The Port of Long Beach has experienced a full range of threats, from on dock fights to illegal narcotics movement to parasitic devices on the hulls of vessels, Parsons said. There have even been instances in which people have tried to traffic U.S. military goods and secrets through the port, he noted. But at the top of Parsons’ list of concerns is cybersecurity.

 

“The big one that has come to the forefront is cybersecurity, because as you look at this operation and how it’s run, it’s all computers,” Parsons said. “We’re just struggling with getting our arms around it. I testified before Congress last October about cybersecurity in a maritime environment.” Congress directed the U.S. Coast Guard to take the lead on securing the nation’s ports from a cyber perspective, he noted.

 

Technology allows the port security team and its partner public safety agencies to access real-time information about what’s going on at and coming into or out of the port.

 

“The Port of Long Beach has over $100 million in technical security equipment protecting the port,” Parsons said. This equipment is primarily financed by the Federal Emergency Management Agency’s Port Security Grant Program, with a cost share put up by the port, he explained.

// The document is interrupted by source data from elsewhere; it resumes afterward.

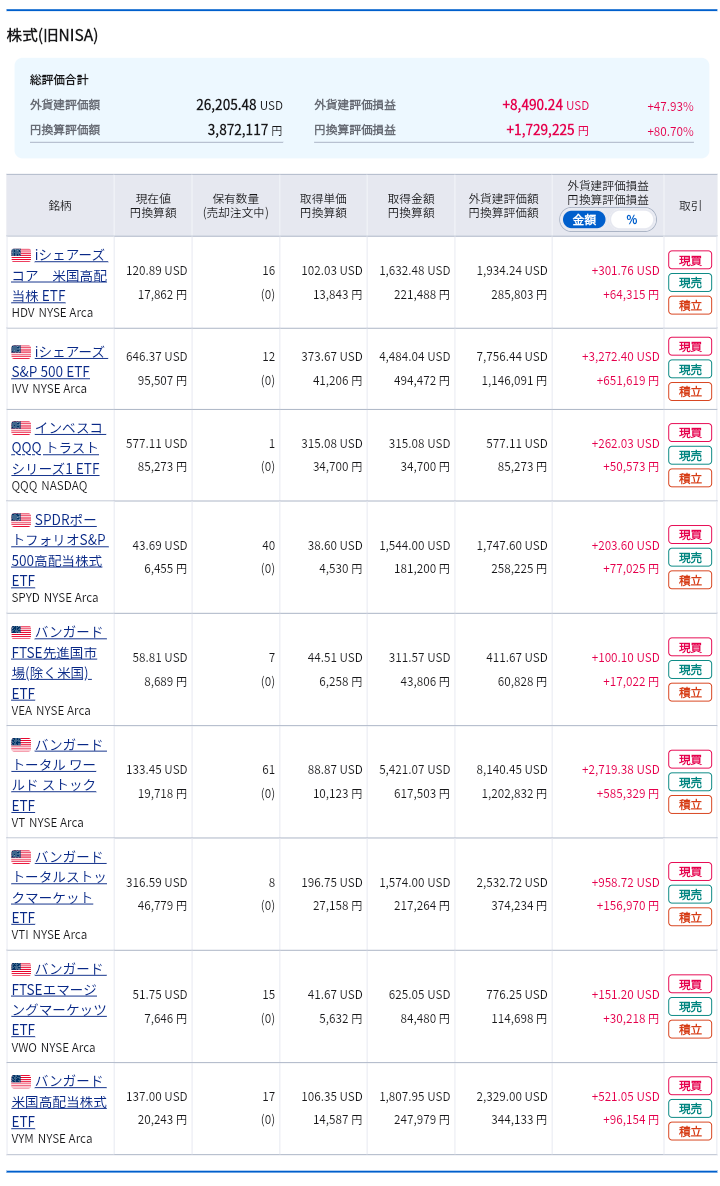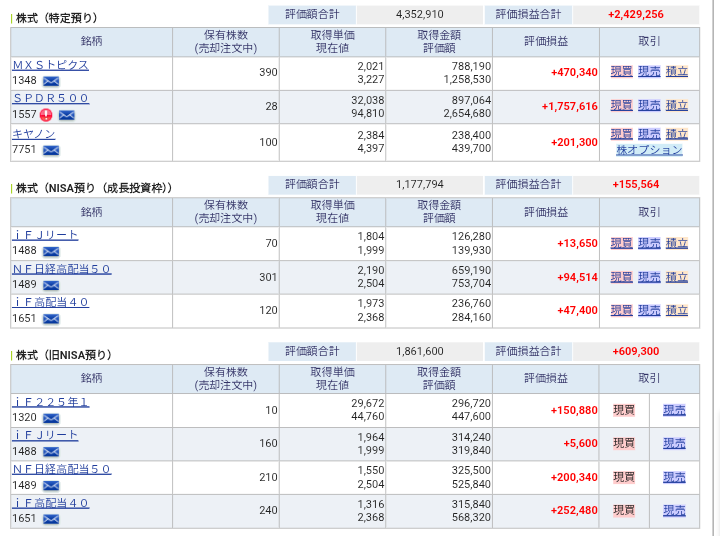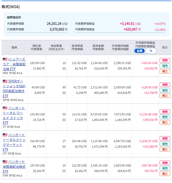 こちらでは、高配当ETFを3種と、標準的なETFを2種、それぞれ積み立てています。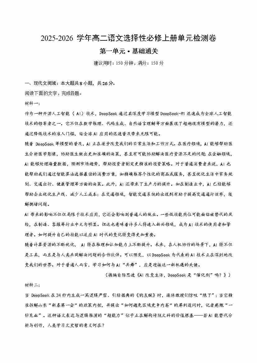 首页 > 全部 > 单元测试 > 高二选必上语文第一单元测试·基础卷(考试版A4)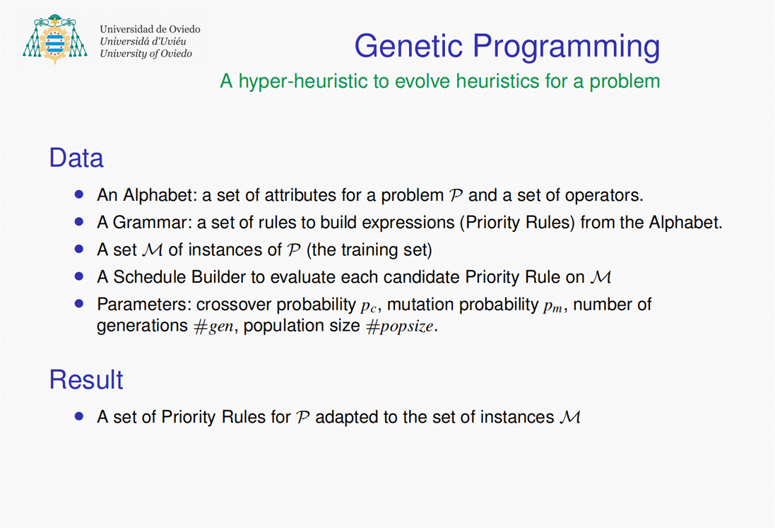 在此次报告中,Ramiro教授主要介绍了iScOp 团队开发的一种遗传编程方法,该方法以优先级规则的形式发展调度启发式方法,允许贪婪算法适应具有相似特征的问题实例系列。
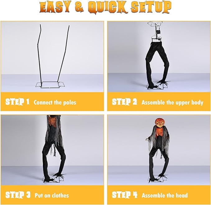 - Animated Scary Motion - 7 ft Animatronics Pumpkin features an IR motion sensor & foot pedal control, activated to abruptly rotate its head and body from side to side and utter bone-chilling curses to terrify trick-or-treaters, ready to turn your home into the scariest haunted house on the block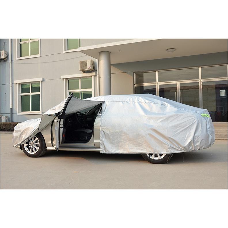 Bạt phủ xe ô tô 7 chỗ 3 lớp tráng nhôm cách nhiệt, chống nóng, chống thấm, chống bụi bẩn - Bạt phủ xe có mặt ngoài là chất liệu vải PEVA tráng nhôm phản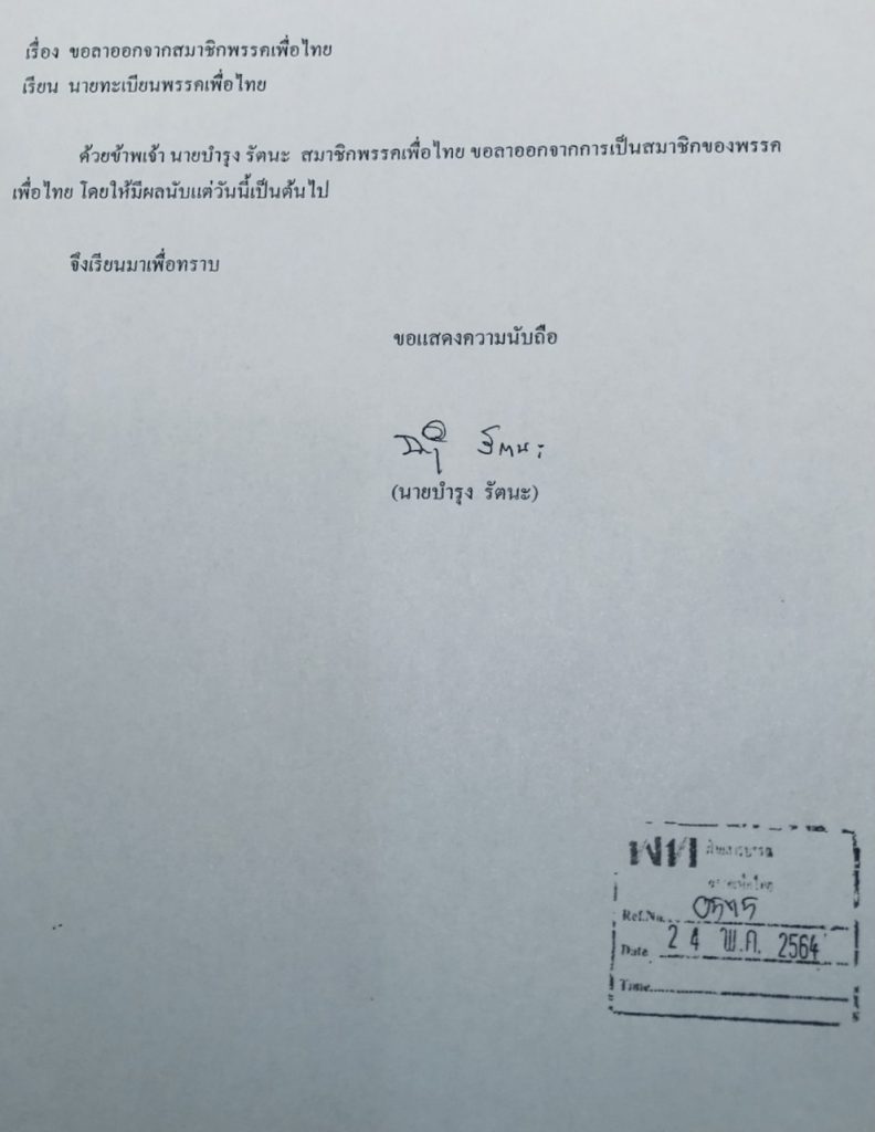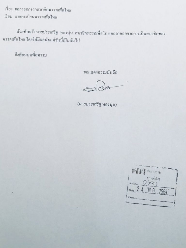 ดังนั้นตนและทีมงาน ประกอบไปด้วย อดีต ส.ก. อดีต ส.ข. และผู้ปฏิบัติงานการเมืองส่วนหนึ่งจากพรรคเพื่อไทยในเขตบางกะปิ และวังทองหลาง จึงตัดสินใจลาออกจากพรรคเพื่อไทย นับตั้งแต่วันนี้เป็นต้นไป เนื่องจากเป็นทางออกเดียวที่จะได้อาสาทำงานเคียงข้างและรับใช้ประชาชนในเขตบางกะปิและเขตวังทองหลางต่อไป.-สำนักข่าวไทย

Some crucial equipment includes radar and closed circuit televisions. Some cameras cost upwards of $300,000 each. Inside the JCCC’s primary surveillance operations room, Parsons demonstrated how a camera atop the World Trade Center in Downtown Long Beach can zoom in on the deck of the Queen Mary across the harbor.

 

Through grant funding, the Port of Long Beach developed a system called Virtual Port in 2014. The system compiles information from 70 sources, including public safety agencies and commercial partners, as well as geographic information systems data, weather information, the locations of pipelines and various utilities infrastructure, and much more. Port security and its partner agencies have access to the open source system and are able to, in real time, track any combination of factors on a map of the port in order to monitor current events and plan strategically.

 

The first use for Virtual Port is situational awareness, according to Parsons. “We know what vessels are anchored. We know what vessels are at berth. We know if there’s a traffic situation. We know if there’s a VIP visit today,” he explained.

 

“For the sake of argument, [let’s say] the mayor is here visiting a terminal and he’s meeting with other dignitaries,” Parsons said. “Rather than having to go to two or three different agency calendars to see if there’s anything interesting in the area, you can go to Virtual Port and say OK, the mayor is going to be here. His security detail needs to know about something that’s happening right next door.”

 

Virtual Port is also used for incident response purposes. When an incident occurs, the lead agency involved – for example, the Long Beach Fire Department – can determine which of its resources to deploy and where, rather than over-deploying assets and leaving other areas vulnerable, Parsons explained.

 

Virtual Port also comes in handy for commercial operations. For example, the port allows trucking companies access to specific camera views that show where their trucks are headed.

 

“They can look at that video shot, and what they can see is the trucks are backing up onto the 710 Freeway,” Parsons said. “So they can say . . . let’s not send any more trucks down there because that truck is going to have a long wait to get in, and waits cost money.” He added, “What we’ve done is we’ve turned Virtual Port to the business side of operations.”